Now if they are asking you to partake in the sin, then by all means run. Run fast and far away. Always ask God to help you discern what is around you, and to give you wisdom when you shouldn't be somewhere or do something.

Dear Heavenly Father,

We praise you for your love for us. That you don't condemn us for our shortcomings. Please give us the grace and wisdom to do the same.

 In Jesus' Name,
Amen.

6.21.2013

Why finding your way isn't impossible!

"Trust in the Lord with all your heart and lean not on your own understanding;  in all your ways submit to him, and he will make your paths straight" - Proverbs 3:5-6
 So I have this really odd feeling that I am missing something, something that God is pointing me toward. This feeling can't be shaken off, no it won't disappear and yet I feel like the arrow is right in front of my face, but I can't see it. Okay, maybe I can see it, but I feel like I'm too late. The opportunity like many in the past is gone.

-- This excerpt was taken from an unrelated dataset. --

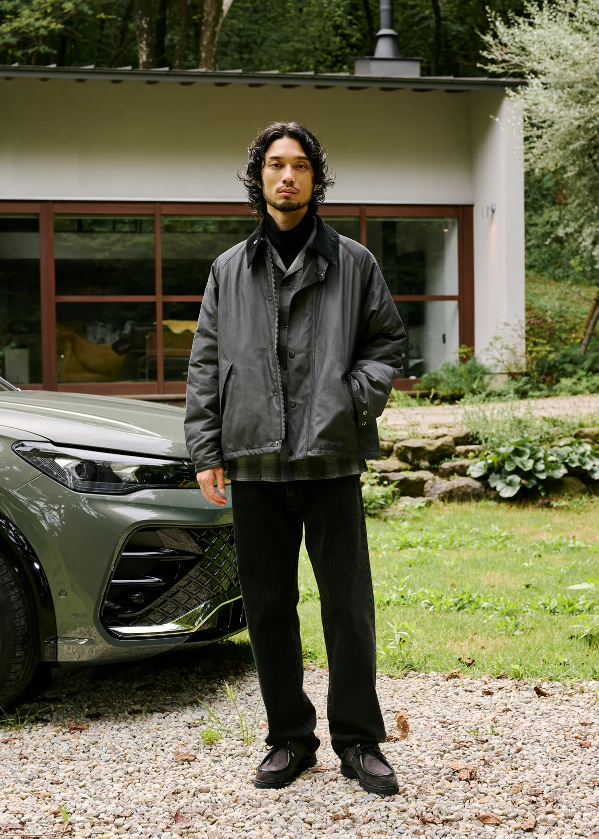 暗く重たくなりがちな冬の装いも、トーンや素材が異なるグレーを交えると奥行きを感じられる。バブアーに別注したジャケットは、マウンテンバイクに乗る人々からインスピレーションを得て誕生した「トランスポート」を元に、色だけでなく素材やシルエットもアレンジ。マットな風合いのピーチウェザーに、裏は中綿のキルティングを使って軽快かつ暖かい着心地に。シルエットも身幅をやや細く絞ってすっきりとさせた。

I hope that it isn't because I'm not completely sure what to do at the moment.

A few months ago I wrote 2 posts that deal with directions from God. Trust in God, He sees the whole picture which was about how I felt God was asking me to trust him in one specific area of my life. The second post: Lean Not on your own Mis-understanding was about how I was trying to follow God's leading but still doing everything my own way.  Guess what, I still haven't followed where God was leading me, and boy oh boy do I feel more lost than ever before.

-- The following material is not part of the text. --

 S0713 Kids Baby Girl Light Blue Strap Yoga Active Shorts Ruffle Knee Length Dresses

There were days where I felt so sure of what was ahead, yet fear made me completely immobile. In my mind, I can move forward, in reality, it is as if the fears and lies that have been ingrained into me act as walls. Okay, they don't act, they are walls. Huge walls. Walls that I need a helicopter to come lift me over because I can't find my way around, and I don't know how to knock them down. Walls that I don't like, but that I have built to keep myself from getting hurt, and from feeling disappointment. Walls that are comfortable.

There are other days, (these are happening much more frequently now), where I feel like the pathway has become overgrown with weeds and to walk it would be impossible. With God, nothing is impossible, right. Yet, the weeds that are lies have grown so thick that I can't make it through them, I can't find the path that was right in front of me a few months ago.

I am sitting here thinking about how I have strayed so far off of the path that was in front of me, I'm not even worthy of the blessings on that path. Lies, everything I am thinking is a lie and I'm believing it. The song He Loves me Anyway just came on the radio. At this moment, I needed to be reminded that God loves me and all those feeling and thought racing through at this moment are lies.

It may be true that the direction God was leading me, and the chance he wanted me to take that I never did, may be lost, but the path is still there. If I journey on then a new opportunity may be found. One that will bring its blessings just the same.

In Revelations we are reminded that we should find our first love, Jesus. That is how we get back on the right path.

Have you ever felt like you missed the blessings God has for you? I would love to hear how you found your path again.